Red, I think they make covers for other readers, too.  It's a good 1/2 inch shorter than my other Oberon cover.  It doesn't come close to fitting.


----------



## LauraB (Nov 23, 2008)

Sounds like a sony cover. The reason I say so is I have a K1 cover and I use it for my k2 because I didn't want to buy another on. And it fits fine. Actually, it is about 1/8 inch to big all the way around, but it is velcro. If it  had corners it would be to big to big for k1, in the corners because K1 is thicker. 
But my Sony reader is a lot smaller than k1 or k2. So I would think the Sony cover would be to small as well. Not that any of this helps, Patra, and I still send *cyberhugs*


----------



## Andra (Nov 19, 2008)

Patra, send them an email anyway.  That way you will already be in the queue when they get back from vacation.  It might also help to include a picture to illustrate the "not fitting" part.  It does sound like you received a Sony cover of some sort instead of a Kindle cover.  I'm sorry that you received the wrong cover, but Oberon should make it right.


----------



## Kathy (Nov 5, 2008)

They may be checking their emails.

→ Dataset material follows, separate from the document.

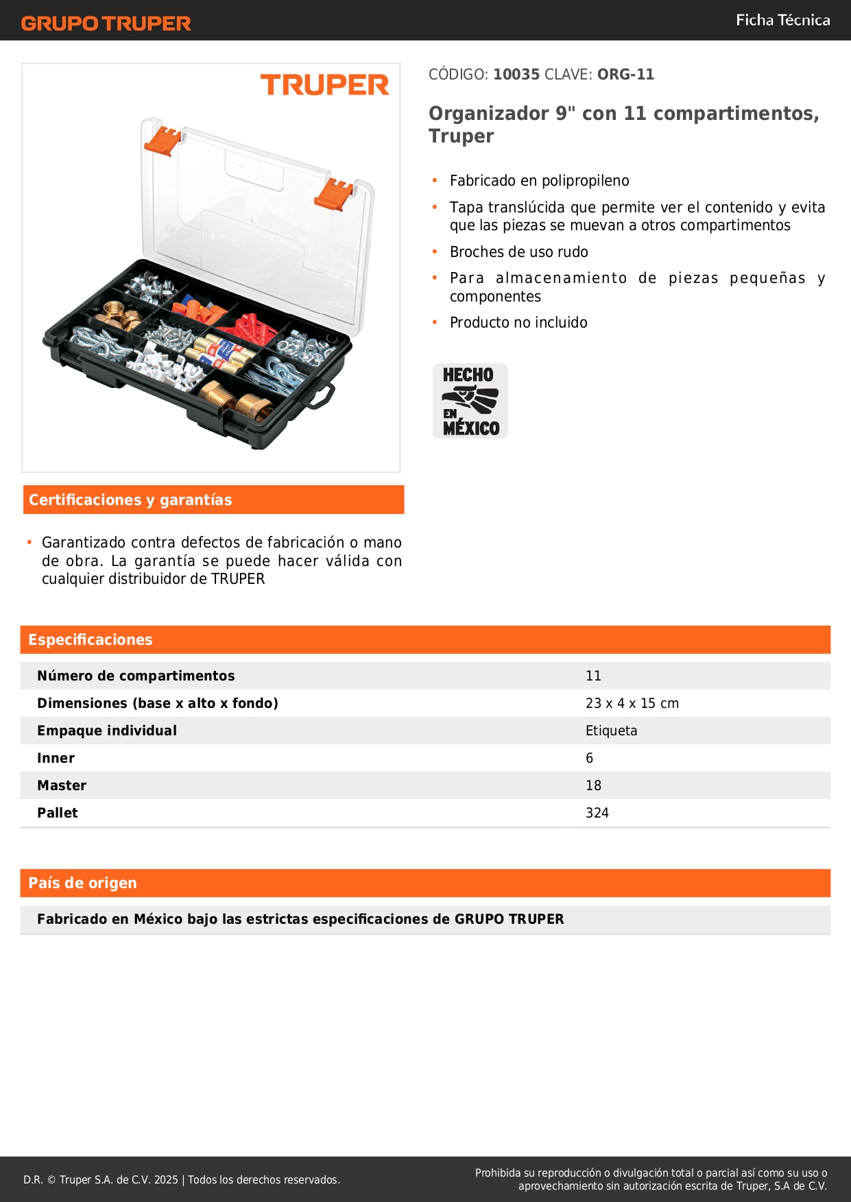 Fabricado en polipropileno

If they have another in stock they are really good about overnighting a replacement.


----------



## Wheezie (Oct 28, 2008)

I wouldn't wait until the 11th, I would get in the email line. They are a small company, so they probably do still check their e-mails.


----------



## kindlek (Nov 12, 2008)

Their website says they will be answering e-mails during their absence, so yes, definitely e-mail them!


----------



## Seamonkey (Dec 2, 2008)

Absolutely send an email right away.. that way you are not just in line but they may be able to ship the correct cover sooner since they will know it is needed for you and not a later order.


----------



## mlewis78 (Apr 19, 2009)

I tried sticking my K2 into my old K1 cover and it stuck out over the top.  The K1 is shorter than the K2, so it may be a K1 cover.


----------



## LauraB (Nov 23, 2008)

Was it an Oberon? Because I _am using an Oberon K1 (Velcro) with my K2_ and there is more than enough room on all four sides. I've not tried it with any other brand of case, however, so I don't know. The K1 case I have I purchased just after they started making them, before k2 was introduced. I suppose Oberon could have changed the dimensions of their cases since then  .


----------



## luvmy4brats (Nov 9, 2008)

Red, 
My k2 didn't fit in my K1 cover at all.

Patra, it sounds like you've got a k1 cover. Hopefully, they'll be able to get you taken care of quickly.


----------



## Sandpiper (Oct 28, 2008)

Patra said:


> Now I'm even more disappointed! I just went on their site to leave an email and found out that they won't be open until January 11th!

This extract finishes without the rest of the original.